Human relationships are frequently very challenging. How do we get our needs met in relationship? Those pesky emotions always getting in the way. It is very tempting, I believe, to polarize the situation: either the other person has what I need completely or I reject them completely. Living in the black and white polarities of life reduces stress in the short term because at each end of the polarity, at least I minimize the stress of disappointment. The disappointment of earnestly trying to negotiate a middle path and not having it work out the way I want it to. Unfortunately, the result of this type of living is that we tend to overuse punishment. Complaining about what we didn’t get from the other person in the past instead of skillfully eliciting more of what we do want to get in the future. And the problem with punishment is that it rarely leads to new learning. It just teaches avoidance of the punisher, and the punishment. In my experience as a teacher, ineffective learning is often the result of ineffective teaching. Of the teacher being out of tune with the student. Bringing myself more in tune with the student is often very difficult, almost impossible at times. But when it does happen, nothing is more rewarding to me!
March 30, 2013 by m4u
Succinct.
You bring the problem of being an intelligent, sensitive, teacher the fore.

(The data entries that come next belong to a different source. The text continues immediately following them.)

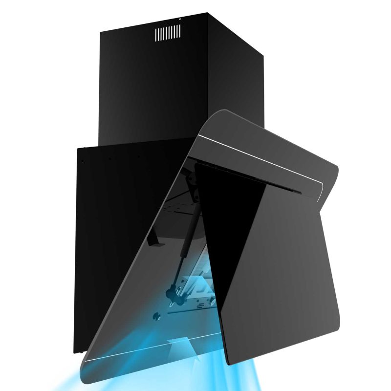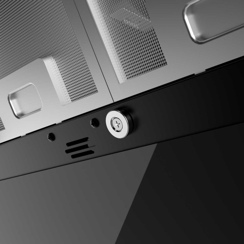 هود H۳۱۲ با عرض ۹۰ سانتیمتر، رنگ مشکی براق و بدنهای از جنس شیشه سکوریت مقاوم، جلوهای شیک و لوکس به آشپزخانهی شما میبخشد. طراحی مورب این هود علاوه بر زیبایی، از برخورد سر با دستگاه جلوگیری کرده و فضای بیشتری را برای کار در آشپزخانه فراهم میکند.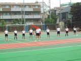 リレーの練習が始まっています。バトンの受け渡しのタイミングをチームごとに確認。1...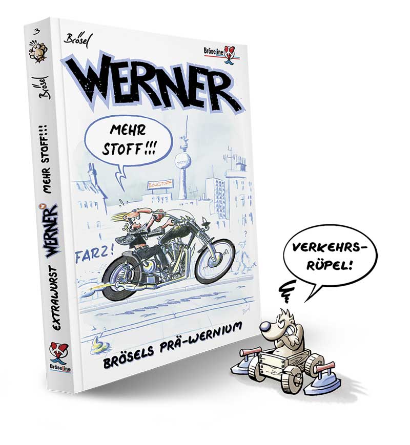 Viele weitere Bände, Filme, Events, Merchandise folgten, die Verlage wechselten und 2018 erschien nach 14-jähriger Pause der Band „Werner – wat nu!?“ im Verlag Bröseline, den Rötger Werner Friedrich Wilhelm Feldmann alias Brösel zusammen mit seiner Frau und Verlegerin Petra betreibt. Neu erschienen sind dort jetzt „Extrawurst Band 3, Werner – Mehr Stoff!!!“ und „Extrawurst Band 4, Werner – Geht tierisch ab!!!“.
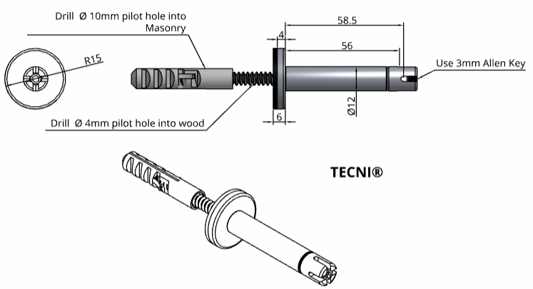 If installing into masonry, brick and stone, use 5mm Masonry Drill Bit for the concrete anchor bolt. The concrete anchor screw can also be used to fix into wood.
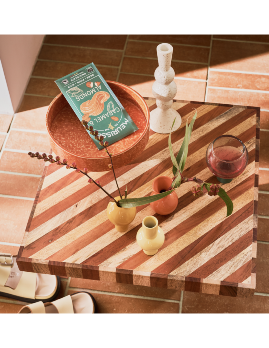 Un charmant mini vase aux teintes vives orange et jaune pâle, chacun avec sa propre personnalité espiègle. Fabriqués à partir de céramique recyclée, ils vous invitent à vous faire plaisir ou à faire plaisir à quelqu'un de spécia. Un ajout joyeux à tout décor intérieur.
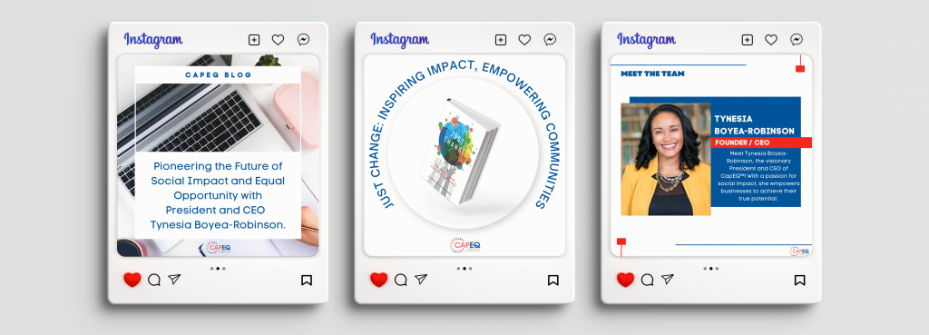 As the content creator for CapEQ, my focus was on developing online posts that effectively promoted workplace equality. I used a mix of content types, including statistics, graphics, blog highlights, and team introductions to highlight the significance and impact of fostering equality in professional settings.

Of course there is always the situation that you are often required to teach what the student neither needs, nor wants, to learn.
As you point out, punishment does not generate love of learning or conformity.
Take it from a left hander who went to school in the days when the miscreant could be slapped, kicked, whipped, and tied.
When I flunked the sixth grade I quit school forever and swore I would never read another book the rest of my life. Then I promptly sat down and read the Encyclopedia Britannica from one end to the other.
After that I was very careful what I vowed to do or not do.